Growth vs. Value: I. Value Investing

Investing is a craft skill, like being a carpenter or a shoemaker, a baseball player or a surgeon.  It’s very experience-intensive.  After they’ve been in the business for a while, professional equity analysts and managers find themselves falling into one of the two main investing styles common in the US:  growth stock investing and value stock investing.

This is mostly a matter of temperament, I think.  The practitioners of each style tend to focus on different industries and on firms at different stages of their life cycle, though, so this specialization may also be a function of background and interests outside the stock market.

I’m a growth stock investor, although I started my career as a value investor and have worked for large parts of my career in value stock-oriented firms.  Here’s my take on what value and growth consist in:

Value Investing

Value investing has been around for a longer time than growth, which may be why this style has the better name (who can criticize an investor looking for value?).  It is by far the dominant style in foreign markets, although not quite in the form it is practiced on Wall Street.
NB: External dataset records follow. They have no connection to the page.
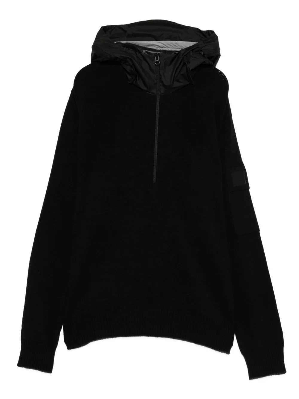 half-zip hooded jumper Highlights - Black - Half zip fastening - Hooded neckline - Ribbed cuffs - C.p. company suggests removing any detachable accessories before washing. Imported Composition Outer: Polyurethane Resin 100%, Polyamide 48%, Wool 30%, Polyester 22% Lining: Polyamide 100% SIZE & FIT Model measurements Height 6 ft 1 in(1.85 m) Bust/Chest 35.82 in(91 cm) Hips 37.79 in(96 cm) Waist 29.13 in(74 cm) Washing instructions Hand Wash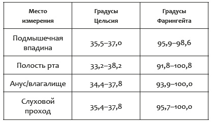 В домашних, бытовых условиях используется измерение температуры тела, в том числе и для детей с первого дня жизни, в подмышечной впадине. Это место считается оптимальным, поскольку физиологические изменения температуры тела в этой области, а значит, и погрешность минимальны. В зарубежных фильмах можно увидеть, что в других странах практикуется измерение температуры в ротовой полости. Ветеринары чаще всего измеряют температуру своим пациентам ректально. У обоих способов есть технические и этические ограничения. А главное, локальное воспаление ротоглотки[1] или органов малого таза может давать значительную погрешность. Например, в гинекологии активно используется сравнение температуры ректальной (либо измерение во влагалище) и в подмышечной впадине для диагностики воспаления. Показатели, которые считаются нормальными, также отличаются на разных участках тела.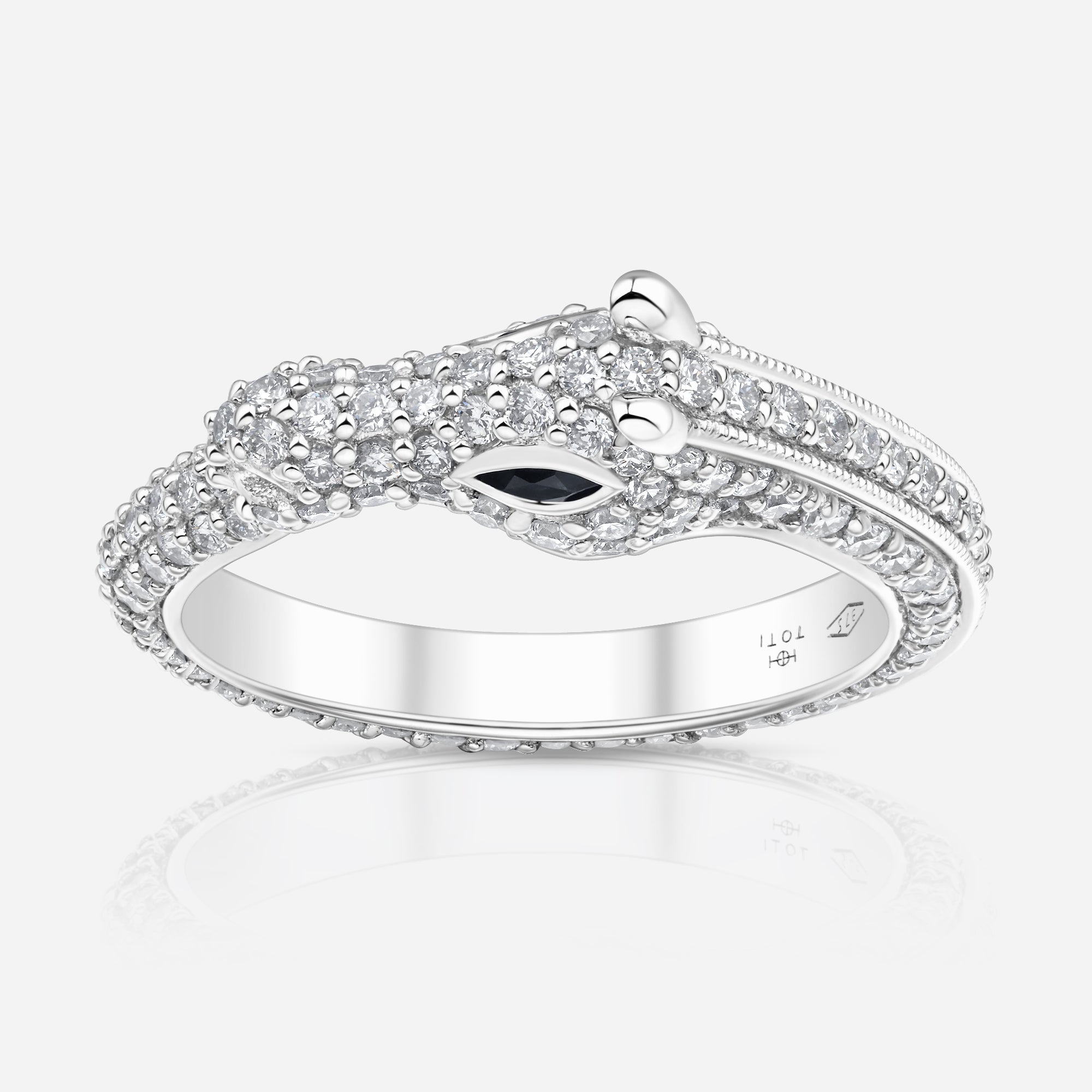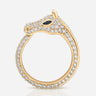 A sculptural expression of elegance and strength, the Celebration Horse Head Ring is crafted in 18K gold and fully illuminated with a pavé of hand-set natural diamonds. Each stone is positioned with exceptional precision to enhance the fluid silhouette of the horse’s profile, creating a continuous ribbon of light that wraps gracefully around the finger. The design is refined, architectural, and unmistakably modern - a piece that embodies quiet luxury and timeless character.

Value investors are the hard-nosed realists of the equity world.  They intend to hit for average and not necessarily for power.  They often say that they are looking for companies that are worth $1 and hope to buy them at 30 cents and sell them at 80 cents.

In analyzing a potential buy, value investors tend to concentrate on the company as it is now.  They look at its assets, tangible and intangible, the earnings and cash flow operations are generating, and their growth rate.  Companies of interest would be:

*a firm whose stock is cheap. It has been left behind by the market for no reason other than that the company is in a poorly-understood or slow-growing industry, in other words, it’s not glamorous enough to rate more market attention.  Typically such stocks are trading at unusually low ratios of price/book, price/cash flow or price/earnings, relative to the market or relative to their own history.  Being well managed is another potential bonus.  The investment idea is that there will sooner or later be “reversion to the mean,” and the company will with the rest of the market.

*a firm that has encountered temporary earnings difficulties.  This can be either of the company’s own making or due to a change for the worse in the overall economic environment.  In either case, to be of interest the market’s ensuing selloff of the stock must have been driven by fear and been overly severe.  Here the idea is that company management will straighten itself out, that the business cycle will turn up, or that the market’s panic will subside.  This will cause a reevaluation of the stock by the market.

*”deeper” value investors may look for companies whose assets are sound, but whose returns are consistently below those of the industry leader.  The idea here is that “there are no bad businesses to be in, only bad companies.”  That is, either the board of directors, activist shareholders or potential predators will force positive operational changes that will lead to much better results–and a much higher stock price.  Some investors in this value sub-category will buy simply on the existence of this situation; some will wait for a catalyst for change to emerge.

*the really “deepest” value investors may buy a basket of companies trading at the lowest price/book or price/cash flow.  The argument is that, for all practical purposes, “you can’t fall off the floor.”  That is, the worst that can happen is already factored into stock prices and that the price gains from turnaround situations will way more than offset any losses from bankruptcies.

General characteristics of the value style:

*the stocks tend to have a defensive character, since because expectations are already low, further bad news may not engender further selling

*managers tend to have a good idea of what they expect to happen, but less about when that will occur

*particularly with cyclical and poorly-managed companies, investors usually have a clear idea of how high the stock can go in a more favorable environment.  The major exercise of judgment by an investor, then, is when to buy.

*managers make frequent use of stock screens, using both historical and expectational data (i.e., consensus earnings projections), since the notions of what it means to be a “cheap” stock are well-defined.

Value Traps

Value investors worry a lot about value traps, or stocks that meet all the objective criteria for undervaluation but which will not revert upward to the mean.  I don’t think there’s any one thing that characterizes a value trap, but common causes would likely be:  the company’s industry is in secular decline or subject to rapid technological change (e.g., radio, local TV), so that the worth of the company’s assets is open to question; or a poor management is resistant to change but deeply entrenched (autos), so that change for the better isn’t possible.